The pain relief experienced by marijuana users varies greatly among individuals, a brain imaging study at the University of Oxford suggests.
For some patients with chronic pain, cannabis or cannabis-based medications remain effective when other drugs have failed to control pain, while others report very little effect of the drug on their pain but experience side effects.
The researchers set out to investigate why some people experience strong relief while others do not.
“Cannabis does not seem to act like a conventional pain medicine. Some people respond really well, others not at all, or even poorly,” said lead researcher Dr. Michael Lee of Oxford University’s Centre for Functional Magnetic Resonance Imaging of the Brain (FMRIB).
“Brain imaging shows little reduction in the brain regions that code for the sensation of pain, which is what we tend to see with drugs like opiates. Instead cannabis appears to mainly affect the emotional reaction to pain in a highly variable way.”
During the study, researchers found that an oral tablet of THC, the psychoactive ingredient in cannabis, tended to make the experience of pain more bearable, instead of actually reducing the intensity of the pain.
“We know little about cannabis and what aspects of pain it affects, or which people might see benefits over the side-effects or potential harms in the long term. We carried out this study to try and get at what is happening when someone experiences pain relief using cannabis,” said Lee.
The small-scale study in a controlled setting involved 12 healthy men and only one of many compounds that can be derived from cannabis. “That’s quite different from doing a study with patients,” Lee said.
“My view is the findings are of interest scientifically but it remains to see how they impact the debate about use of cannabis-based medicines. Understanding cannabis’ effects on clinical outcomes, or the quality of life of those suffering chronic pain, would need research in patients over long time periods,” he added.
For the study, the researchers conducted a series of MRI scans with each of the 12 volunteers at the FMRIB centre in Oxford.
Before a scan, patients were given either a 15 mg tablet of THC or a placebo. THC is the active psychotropic compound in marijuana – the ingredient that’s responsible for the high that drives recreational use of the drug.
To induce a certain level of pain, the volunteers also had a cream rubbed into the skin of one leg. This was either a placebo cream or a cream that contained 1 percent capsaicin, the ingredient of chilies that causes a burning and painful sensation.
Each participant was given four MRI tests to cover each combination of THC or placebo, and chili pain-inducing cream or placebo cream.
“The participants were asked to report the intensity and unpleasantness of the pain: how much it burned and how much it bothered them,” said Lee.
“We found that with THC, on average people didn’t report any change in the burn, but the pain bothered them less.”

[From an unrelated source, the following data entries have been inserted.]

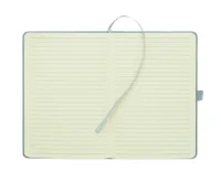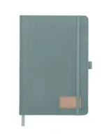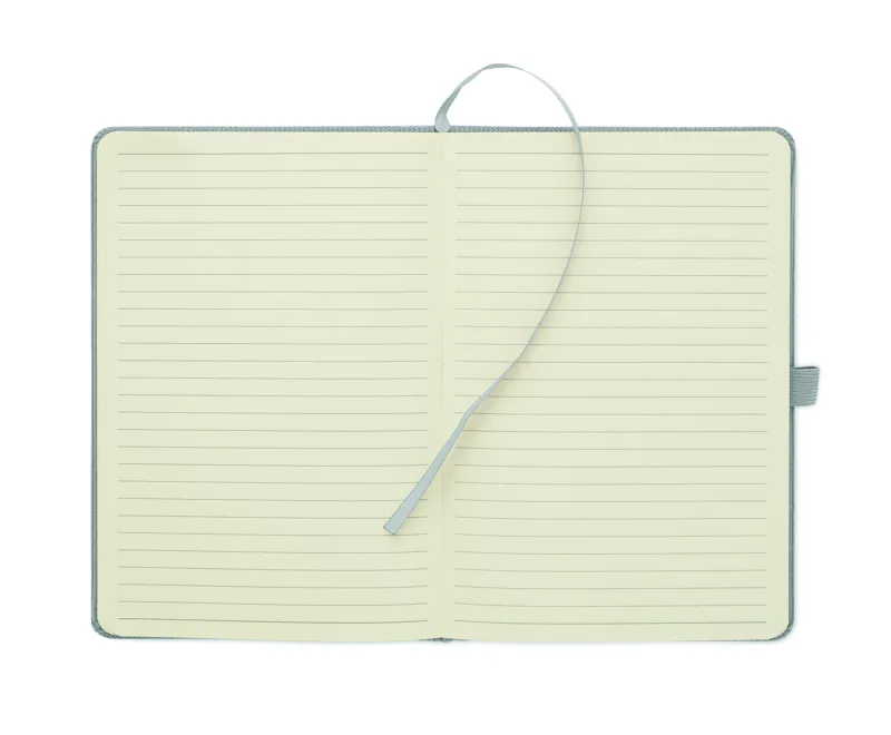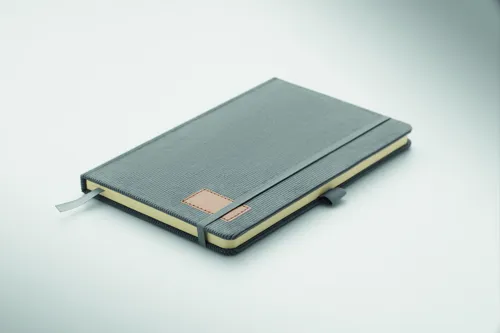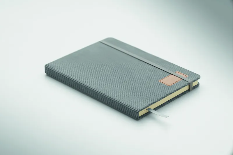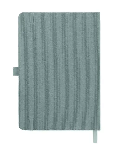 A5 jegyzetfüzet RPET kordbársony keménytáblás borítóval. 192 vonalas oldal újrahasznosított papírból (70 g/m²). Cérnafűzött, elasztikus zárópánt és tolltartó, könyvjelző szalag, kraftpapír címke.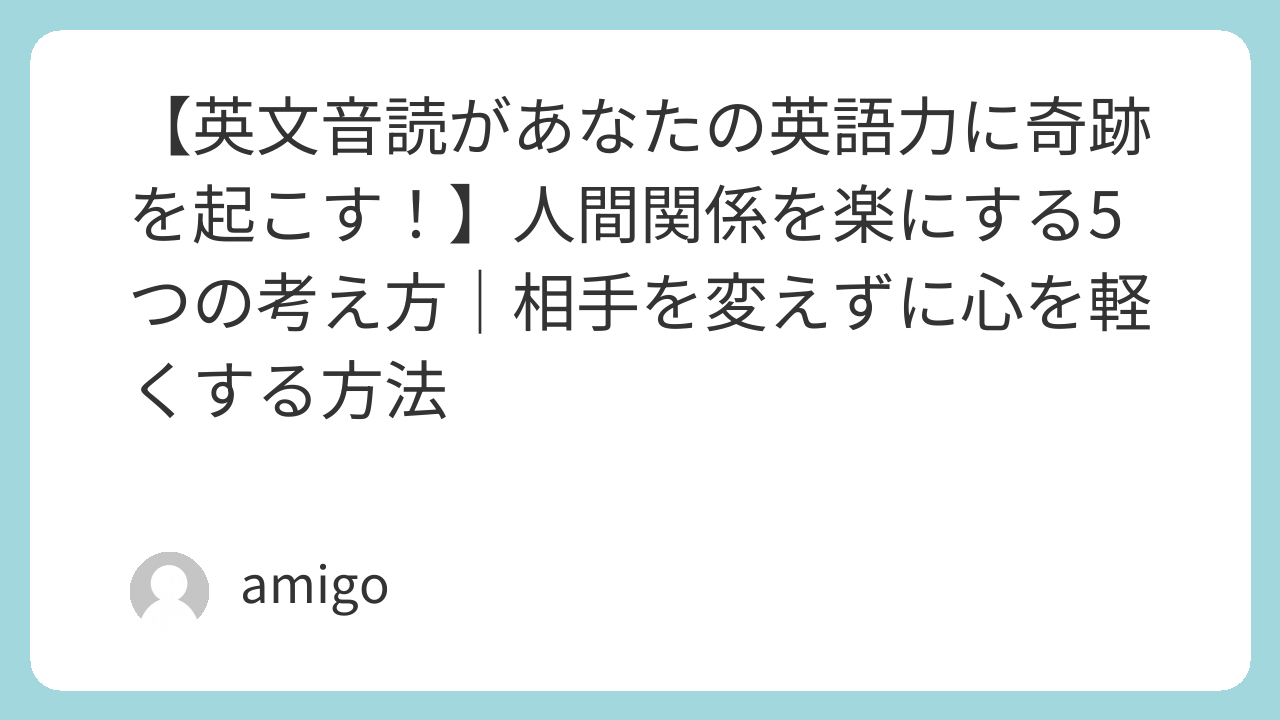 【英文音読があなたの英語力に奇跡を起こす!】人間関係を楽にする5つの考え方|相手を変えずに心を軽くする方法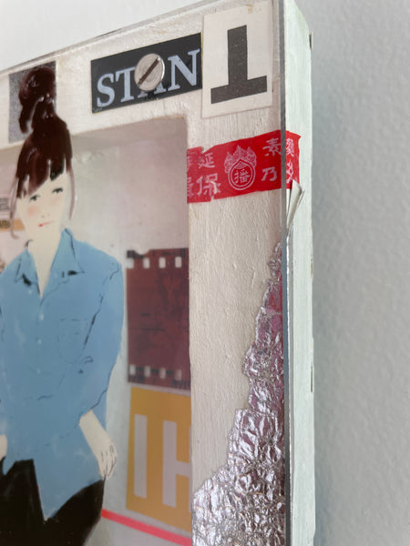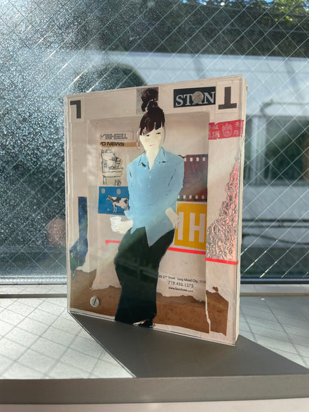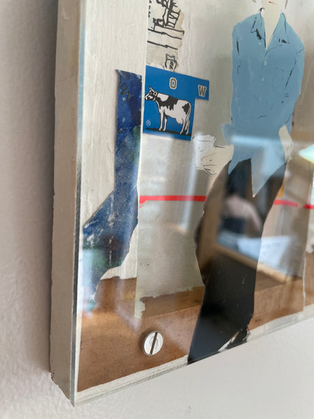 コラージュにUVプリントされたアクリル板が固定してあります。(同じ絵柄のアクリルに新規コラージュの制作も別途可能です。ご希望の方はご連絡ください)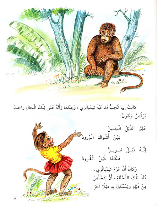 نبذة نيل وفرات:هذه "حكايات محبوبة" رائعة يحبها الأبناء ويتعلقون بها فالصغار منهم يتشوقون إلى سماع والديهم يروونها لهم، والقادرون منهم على القراءة يقبلون عليها بلهفة وشوق، فيتمرسون بالقراءة ويستمتعون بالحكاية، وهم جميعاً يسعدون بالتمتع بالرسوم الملونة البديعة التي تساعد على إثارة الخيال وتكملة الجو القصصي. وقد وجهت عناية قصوى إلى الأداء ...اللّغوي السليم والواضح، وطبعت النصوص بأحرف كبيرة مريحة تساعد الأبناء على القراءة الصحيحة. وهتم كل كتاب بأسئلة تساعد على تنشيط الحصص التعليمية، وتلفت النظر إلى الملامح الأساسية في القصة وتستثير التفكير.نبذة الناشر:يروي هذا الكتاب حكاية شمبانزي خرافي عاش في قديم الزمان، وكان ذا ذيل، لعلك تريد أن تعرف ما حدث لذيله؟ نعم، حاول، ولسبب وجيه، أن يتخلص منه، فراح يعرضه على حيوانات الغابة، الواحد بعد الآخر، وعرضه حتى على حمار. لكن الحيوانات جميعها رفضت عرضه. وكان أن نقم على تلك الحيوانات، وعزم على الانتقام منها. ما الوسيلة التي اعتمدها في انتقامه، وكيف كان رد وحوش الغابة؟ ما المشكلة التي لا يحلها إلا الحمار؟ وكيف كان حكم وحوش الغابة على القرد الذي لم يحترم ذيله؟ سنحب كباراً وصغاراً هذه القصة الطريفة المشوقة، ونتتبع مغامراتها ونضحك مع شمبانزي الحائر الثائر، ونضحك عليه. إقرأ المزيد

Although this effect was statistically significant, there was great variability regarding THC’s effect on pain. Only six out of the 12 reported a clear change in how much the pain bothered them, for example.
The brain imaging results verified the reports of the participants. The change in unpleasantness of pain correlated with lowered activity in the part of the brain called the anterior mid-cingulate cortex. This structure is involved in many functions, and has previously been associated with the emotional aspects of pain.
‘We may in future be able to predict who will respond to cannabis, but we would need to do studies in patients with chronic pain over longer time periods,” Lee said.
The researchers report their findings in the journal Pain.